The Africa Cup of Nations, the continent’s premier football showpiece, has long been seen as an opportunity for Senegal’s print media, especially those specialising in sport, to reboot economically, depending on the fortunes of the national team.
But with the development of audiovisual media and most recently the Internet, its financial revenue base has been thinning over the years, prompting it to reinvent itself in a desperate bid to survive.
“The written press not only competes with the audiovisual media, but also with the Internet. This is a sector where the impact on revenues is decreasing year after year,” said Mamadou Ibra Kane, editor of the sports daily Stades, one of Senegal’s most widely read specialist newspapers.
His heartfelt cry is explained by the fact that many advertisers are now turning to audiovisual media, which in turn offers them better visibility through sound and image media… to the great discomfort of the written press, which is left scraping for crumbs from advertisers.
The latter, however, is not prepared to say die. To build loyalty among its traditional customers or attract other advertisers, it is finding a coping strategy, namely highlighting insertion offers on several pages of the newspaper, said Kane, who is also CEO of the AFRICOM SA group, publisher of Stades.
For their part, radio and television stations, in addition to broadcasting matches live, host debriefing sessions on matches.
Faced with this new competition, the daily press instead offers “post-match talks.”
This includes journalistic genres such as analysis, exclusive interviews with players present at the competition and interviews by the daily’s special correspondents.
“So there is a kind of rewriting of the form book of the written press,” Kane said.
Despite this difficult situation for the print media in general, Stades’ publishing director acknowledged, like Hubert Mbengue, his counterpart at Record, another sports daily, that the AfCON, like other major sport competitions, is an opportunity to increase circulation.
“With this AfCON, unlike the previous editions, we will have a return on investment because we have a strong circulation of 40,000 to 60,000 copies at least every time Senegal plays. And the longer Senegal stay in the competition, as it is now, the better for us,” he said.

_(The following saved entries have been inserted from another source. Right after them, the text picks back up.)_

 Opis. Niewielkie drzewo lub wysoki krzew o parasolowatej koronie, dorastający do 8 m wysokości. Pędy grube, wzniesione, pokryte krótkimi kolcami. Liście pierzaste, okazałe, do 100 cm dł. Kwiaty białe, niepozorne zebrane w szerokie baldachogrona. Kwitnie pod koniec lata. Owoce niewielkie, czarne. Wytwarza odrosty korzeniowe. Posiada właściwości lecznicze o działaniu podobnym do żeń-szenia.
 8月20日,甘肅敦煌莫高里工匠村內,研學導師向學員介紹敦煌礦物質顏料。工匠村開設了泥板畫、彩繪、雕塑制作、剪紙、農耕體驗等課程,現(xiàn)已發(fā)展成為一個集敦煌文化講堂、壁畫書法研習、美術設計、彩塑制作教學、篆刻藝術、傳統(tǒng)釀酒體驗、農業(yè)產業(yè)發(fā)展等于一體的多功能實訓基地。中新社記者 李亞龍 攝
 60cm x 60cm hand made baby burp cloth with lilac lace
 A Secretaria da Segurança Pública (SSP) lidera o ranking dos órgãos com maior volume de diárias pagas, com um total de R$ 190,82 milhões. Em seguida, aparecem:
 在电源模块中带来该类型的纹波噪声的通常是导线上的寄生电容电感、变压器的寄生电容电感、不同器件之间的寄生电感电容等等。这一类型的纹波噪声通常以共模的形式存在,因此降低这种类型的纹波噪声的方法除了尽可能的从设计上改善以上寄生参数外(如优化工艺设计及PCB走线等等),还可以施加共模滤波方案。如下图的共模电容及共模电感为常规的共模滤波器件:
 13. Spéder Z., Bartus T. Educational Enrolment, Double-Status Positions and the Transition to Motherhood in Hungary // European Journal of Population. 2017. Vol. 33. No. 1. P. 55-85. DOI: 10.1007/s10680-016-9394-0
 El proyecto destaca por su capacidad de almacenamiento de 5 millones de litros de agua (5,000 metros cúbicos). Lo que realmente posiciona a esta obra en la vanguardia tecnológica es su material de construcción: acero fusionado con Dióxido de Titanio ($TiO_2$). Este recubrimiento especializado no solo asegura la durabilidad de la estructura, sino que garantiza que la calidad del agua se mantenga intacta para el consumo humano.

However, he added, his newspaper normally commands a readership of between 25,000 and 30,000 people.
This significant added value, he explained, allows him to make his company profitable even if the benefits of AFCON moments are even greater.

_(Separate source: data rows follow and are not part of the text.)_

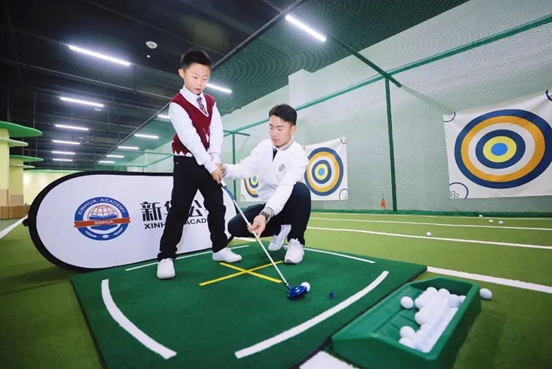 2021年,新華公學新建國際高爾夫訓練中心,為目前安徽最大的青少年高爾夫室內運動場館。館內擁有工智能模擬區(qū)、揮桿訓練區(qū)、體能綜合訓練區(qū)、高爾夫歷史文化展覽區(qū),供學生們學習和訓練。
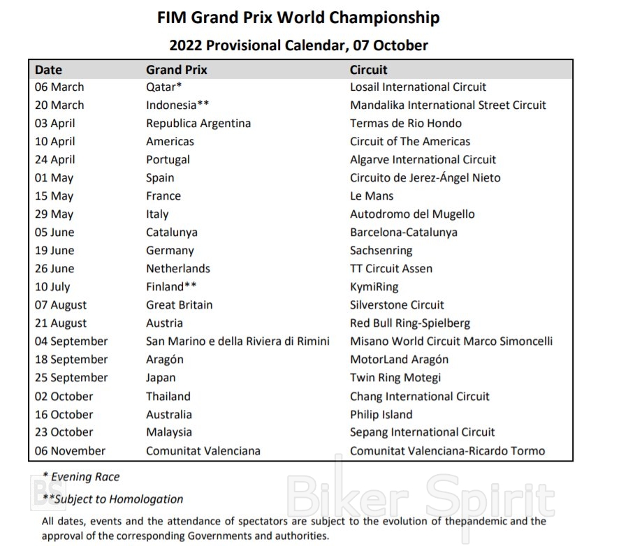 Κυκλοφόρησε το ημερολόγιο του Παγκόσμιου Πρωταθλήματος FIM MotoGP για το 2022, το οποίο αποτελείται από 21 γύρους από τον Μάρτιο έως τον Νοέμβριο που περιλαμβάνουν επισκέψεις σε δύο νέες πίστες στην Ινδονησία και τη Φινλανδία.
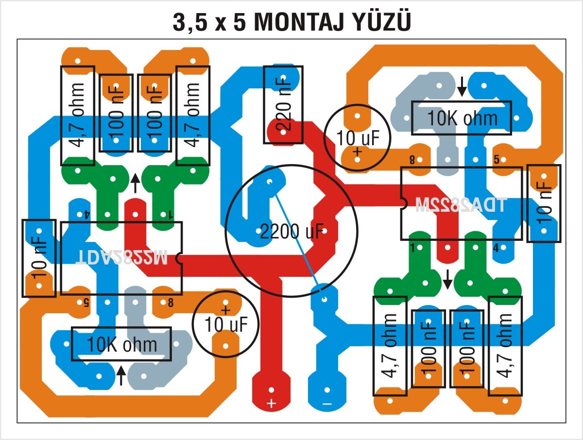 TDA 2822 (16 uçlu olanı) köprü olarak uygulayacaksanız, ilk önce 9v ta 8 ohm luk hoparlöre tipik olarak 3.2 w vereceğini bilmelisiniz. Yani kullanacağınız hoparlörlerin empedansı düşük geleceğinden, minimal olarak 8 ohm kullanılan çıkışı zorlayıp yanmasına neden olabilir. Ha, iki adet 4 ohm hoparlörü seri bağlayıp 8 ohm yapacağım diyorsanız, yazdıklarımı dikkate almayın.

He said as proof, “70,000 copies were sold after Senegal qualified for the semi-finals of the current Africa Cup of Nations in Egypt. Having qualified for the final last Sunday thanks to a narrow 1-nil win over Tunisia, the Lions have gladden the heart of an entire country that has not experienced such glorious moments since 2002, but also a print press that is struggling to hold its own in the face of stiff competition by other information dissemination platforms.

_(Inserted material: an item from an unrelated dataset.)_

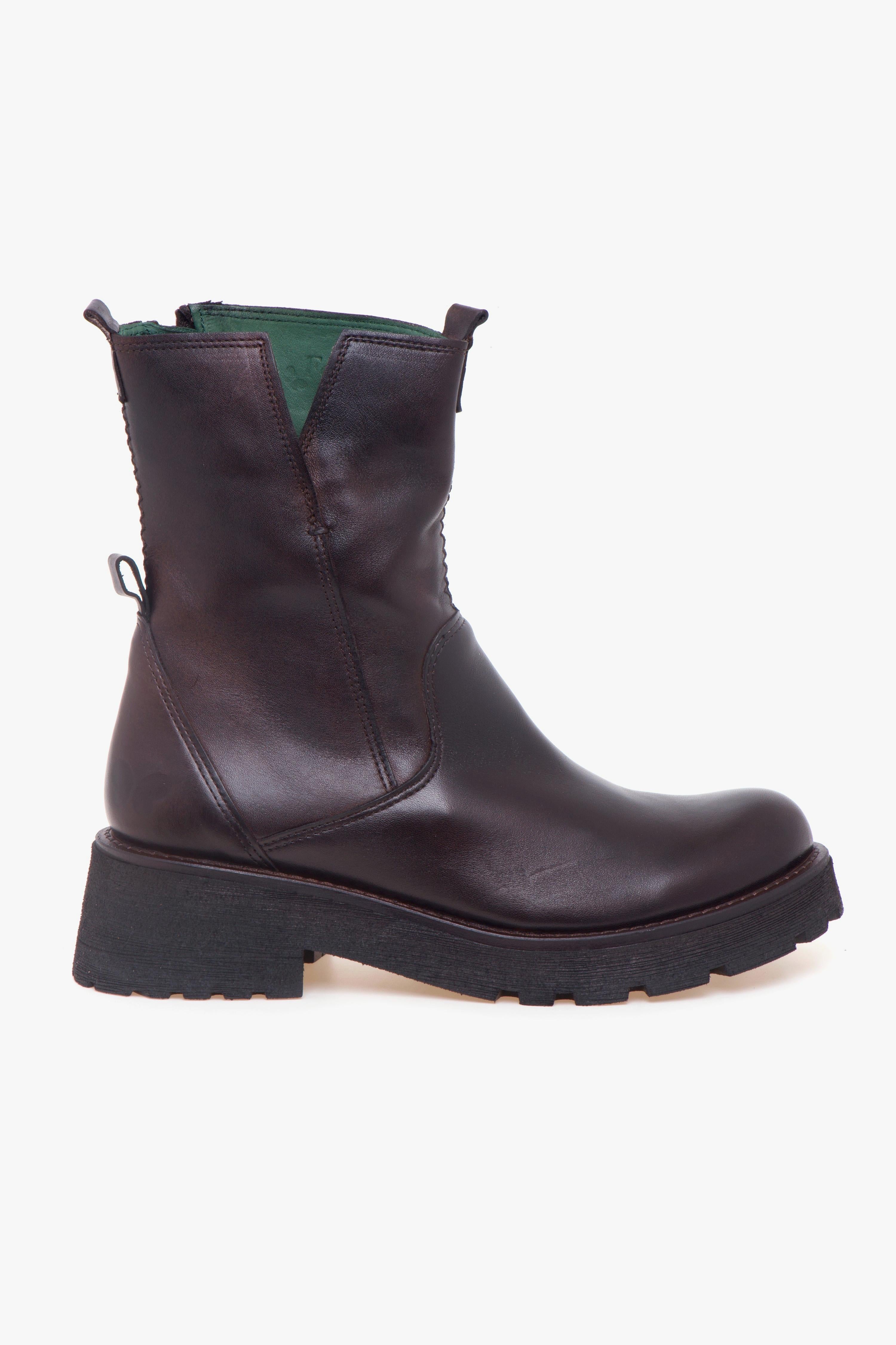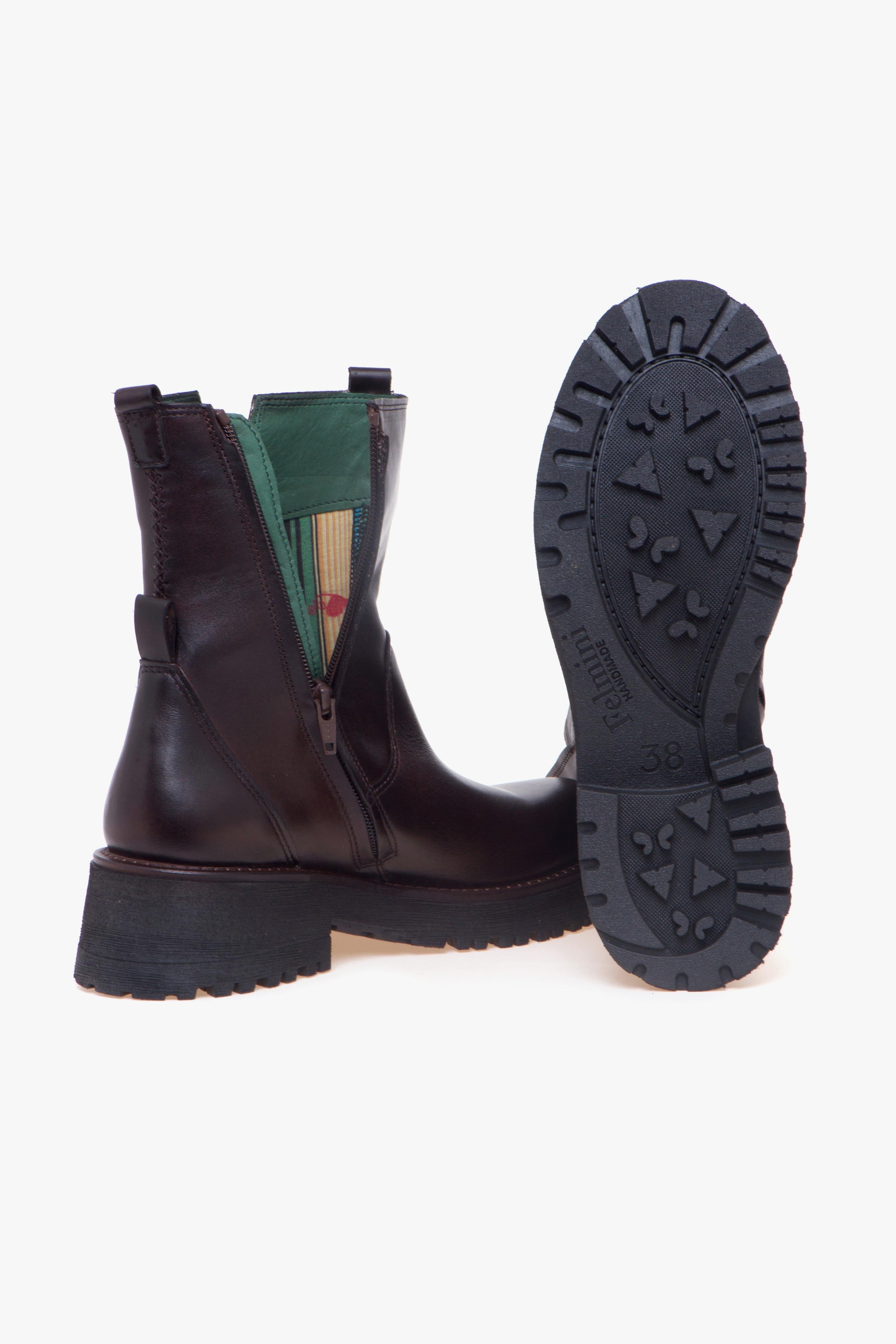 Tronchetto Felmini in pelle dal look essenziale, costruito su una forma arrotondata che accompagna la pianta e rende la calzata confortevole. Il gambale segue la linea della caviglia ed è impreziosito da un piccolo spacco laterale esterno; la zip sul lato interno agevola la calzata e mantiene pulito il profilo. Sotto, la suola in gomma con battistrada a carrarmato isola dal terreno, resta leggera e offre grip ottimale per l’uso quotidiano. Interni curati con fodera in pelle completata dall’iconico tessuto Felmini a righe e sottopiede in pelle.Caratteristiche principali:# Tomaia in pelle con gambale avvolgente e spacco laterale esterno.# Zip interna per calzata rapida.# Forma arrotondata per maggiore comfort.# Suola in gomma con battistrada a carrarmato: isolamento,# leggerezza e aderenza.# Fodera in pelle con tessuto Felmini a righe.# Sottopiede in pelle.# Design essenziale, ideale tutti i giorni.

“We are dependent on Senegal’s participation and performance at the AFCON. We live in the same situation as the sellers of jerseys at the market who only sell their goods when Senegal wins,” said Hubert Mbengue, whose daily newspaper Record is published by the Futur Media group belonging to the world famous musician Youssou Ndour.
Mr. Mbengue asserted that without the support of this major Senegalese media group, it would have been difficult for his newspaper, which has not yet existed for two years, to survive in the local media landscape.